Exercise description: Each line, starting at the one with "11月24日(木)に、毎年恒" and running to the end of the data below, is to be set down again exactly, both ends included; leave pictures out.

Records provided:
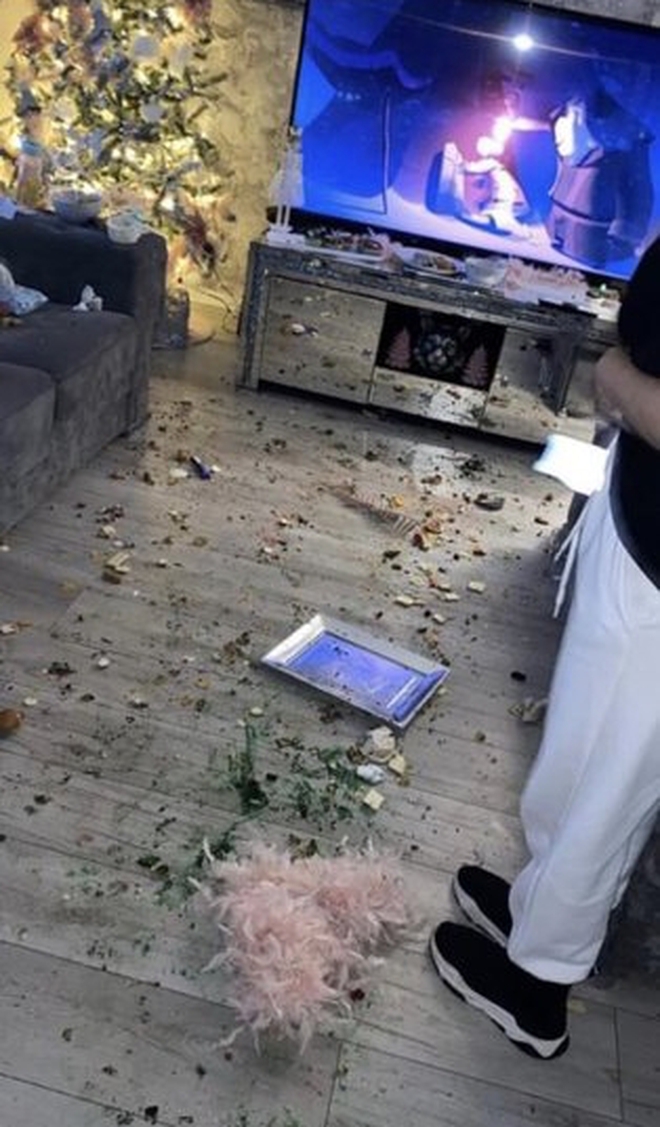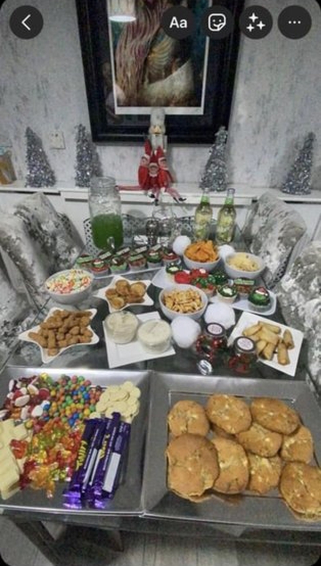 Trước khi Grinch đến, Laura đã cẩn thận chuẩn bị các món vặt như bánh cookie, gà rán, khoai tây chiên và các món ăn nhẹ ngon lành khác. Nhưng trong bức ảnh tiếp theo, cô cho thấy căn phòng khách hoang tàn với những mảnh vỡ rơi vương vãi khắp nơi.
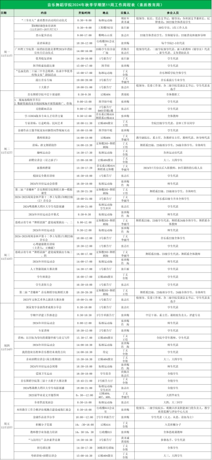 威廉希尔williamhill中文2024年秋季学期第11周工作周程表(素质教育周)
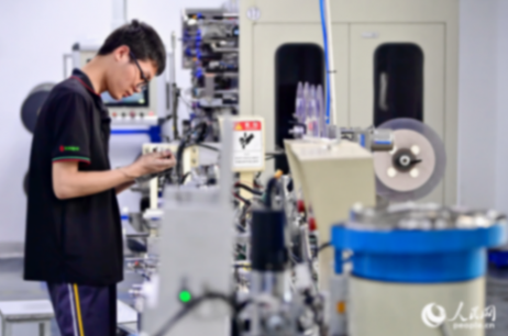 撫州市樂(lè)安縣的江西東馳新能源產(chǎn)業(yè)有限公司數(shù)字化車間內(nèi),工人在操作封裝設(shè)備生產(chǎn)鋰離子電池。人民網(wǎng) 朱海鵬攝
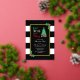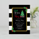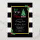 Mangez, buvez et soyez joyeux invitation de fête de Noël avec un arbre de Noël et des cadeaux contre un cadre d'or. Arrière - plan rayé noir et blanc avec saint
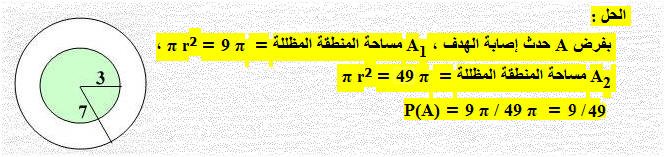 ( i2) يسدد أحمد بندقيته نحو الهدف كما في الشكل أدناه , ما احتمال أن يصيب المنطقة المظللة ؟
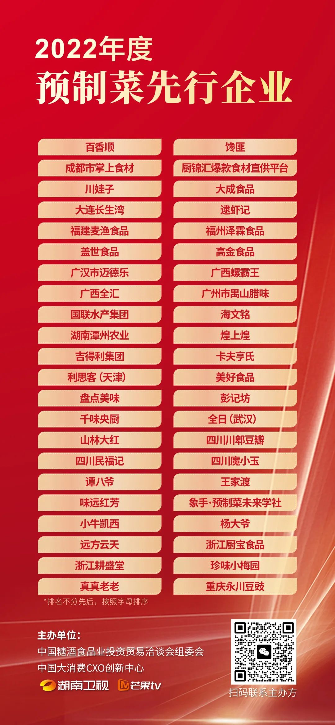 获得“2022年度预制菜先行企业”奖项的分别是:百香顺、馋匪、成都市掌上食材、厨锦汇爆款食材直供平台、川娃子、大成食品、大连长生湾、逮虾记、福建麦渔食品、福州泽霖食品、盖世食品、高金食品、广汉市迈德乐、广西螺霸王、广西全汇、广州市禺山腊味、国联水产集团、海文铭、湖南潭州农业、煌上煌、吉得利集团、卡夫亨氏、利思客(天津) 美好食品、盘点美味、彭记坊、千味央厨、全日(武汉)、山林大红、四川川郫豆瓣、四川民福记、四川魔小玉、谭八爷、王家渡、味远红芳、象手·预制菜未来学社、小牛凯西、杨大爷、远方云天、浙江厨宝食品、浙江耕盛堂、珍味小梅园、真真老老、重庆永川豆豉。
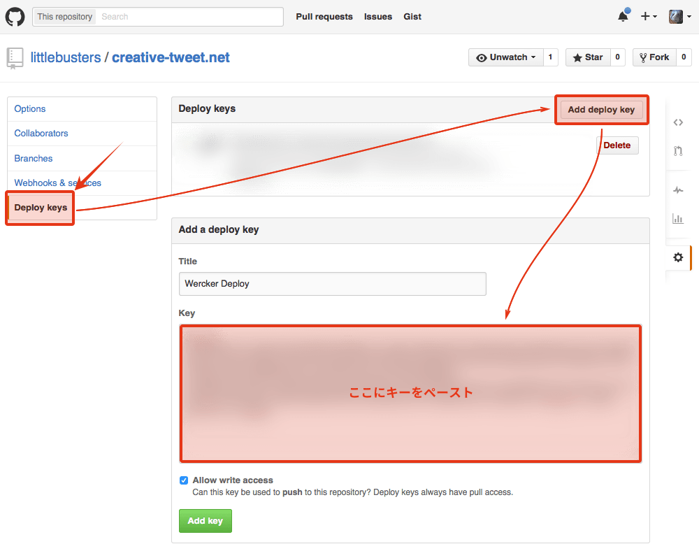 [Add deploy key]ボタンをクリックし、Titleへ適当な名前を、Keyへ先ほどコピーした内容をペーストし、書き込めるように「Allow write access」にチェックを入れて[Add key]ボタンをクリックします。
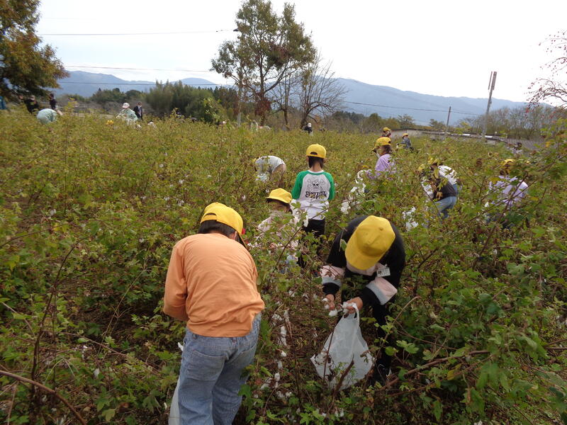 11月24日(木)に、毎年恒例の和綿の収穫会を行いました。つつじヶ丘学園の方々をはじめ、たくさんの人たちと一緒に収穫を体験しました。1・2年生の子供たちは、南稜高校や人吉高校の生徒さんにお世話になりながら、和綿を一つ一つ丁寧につんでいきました。収穫した和綿の重さは、19.5kgでした。今年もたくさんの人たちのおかげで笑顔あふれる体験活動ができました。ありがとうございました。
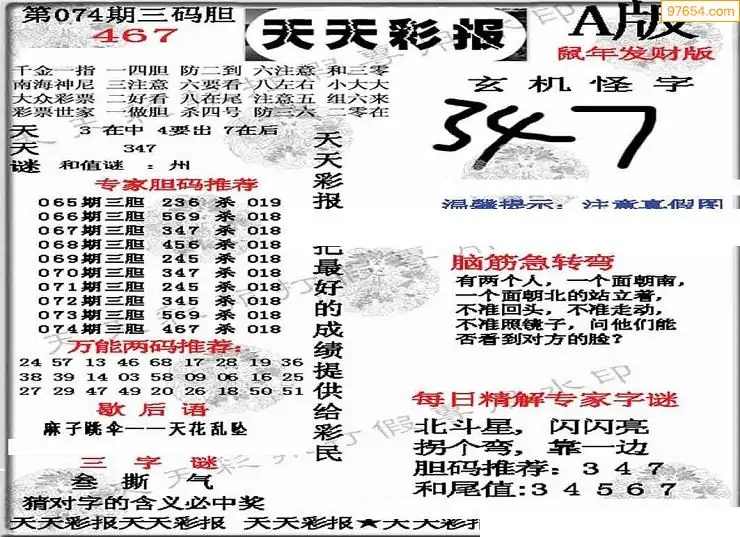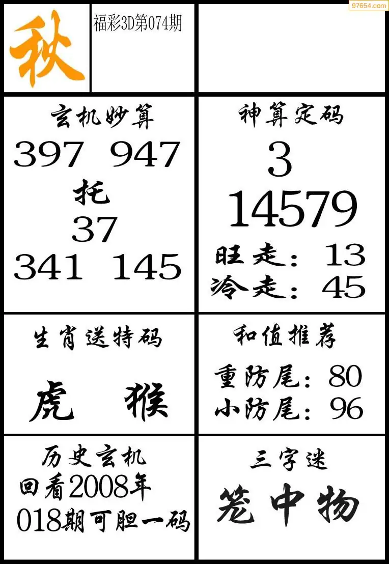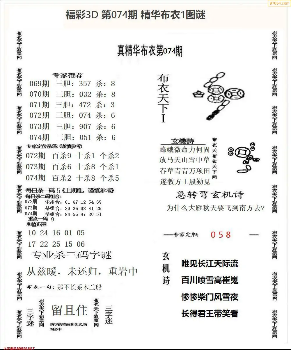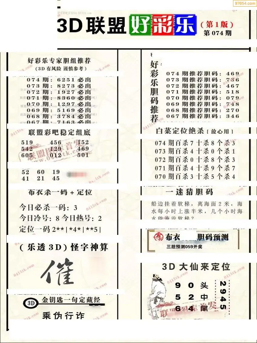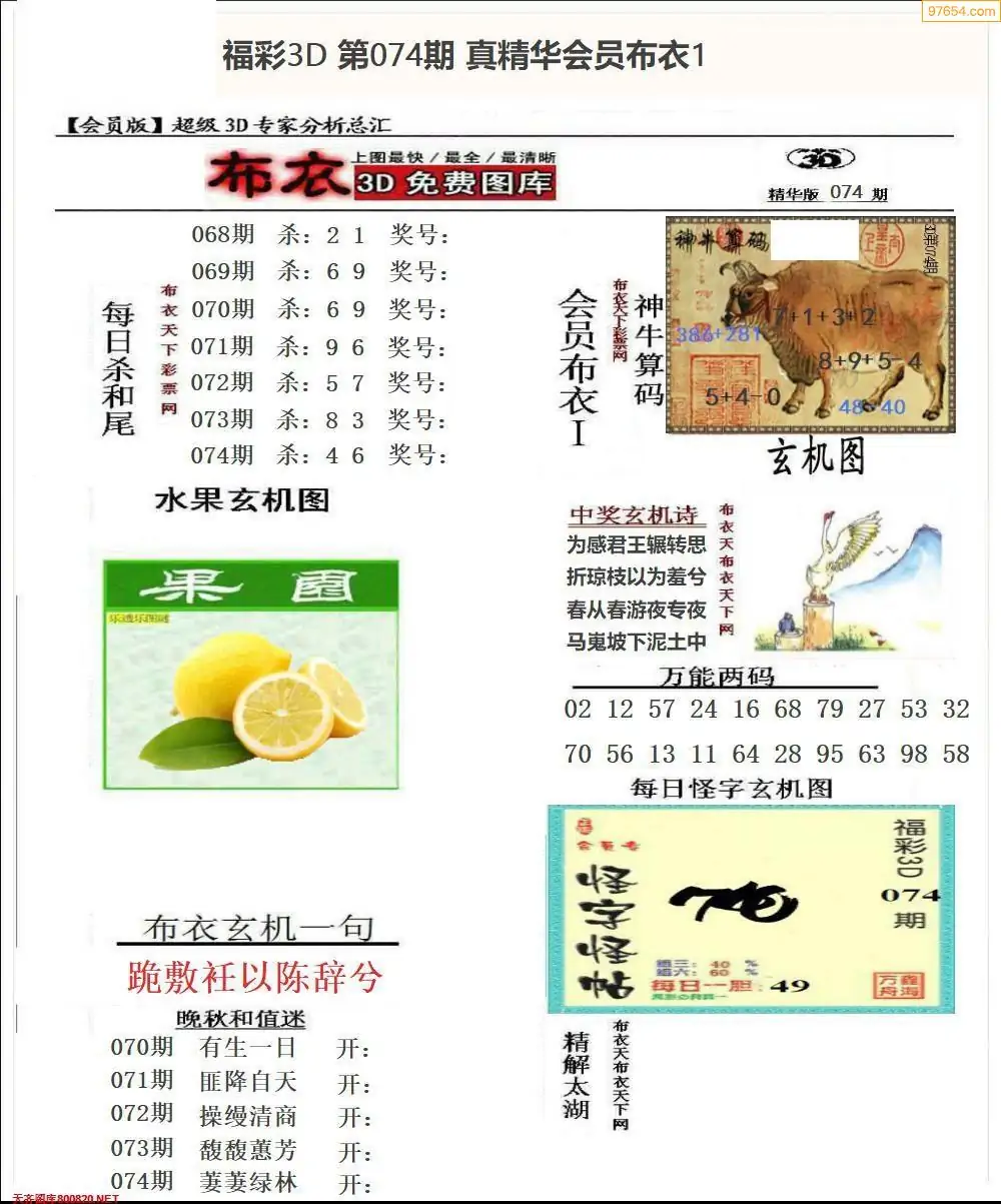 (3)2026074期3D预测总汇全图_福彩3d图谜字谜总汇

Result below:
 11月24日(木)に、毎年恒例の和綿の収穫会を行いました。つつじヶ丘学園の方々をはじめ、たくさんの人たちと一緒に収穫を体験しました。1・2年生の子供たちは、南稜高校や人吉高校の生徒さんにお世話になりながら、和綿を一つ一つ丁寧につんでいきました。収穫した和綿の重さは、19.5kgでした。今年もたくさんの人たちのおかげで笑顔あふれる体験活動ができました。ありがとうございました。
 (3)2026074期3D预测总汇全图_福彩3d图谜字谜总汇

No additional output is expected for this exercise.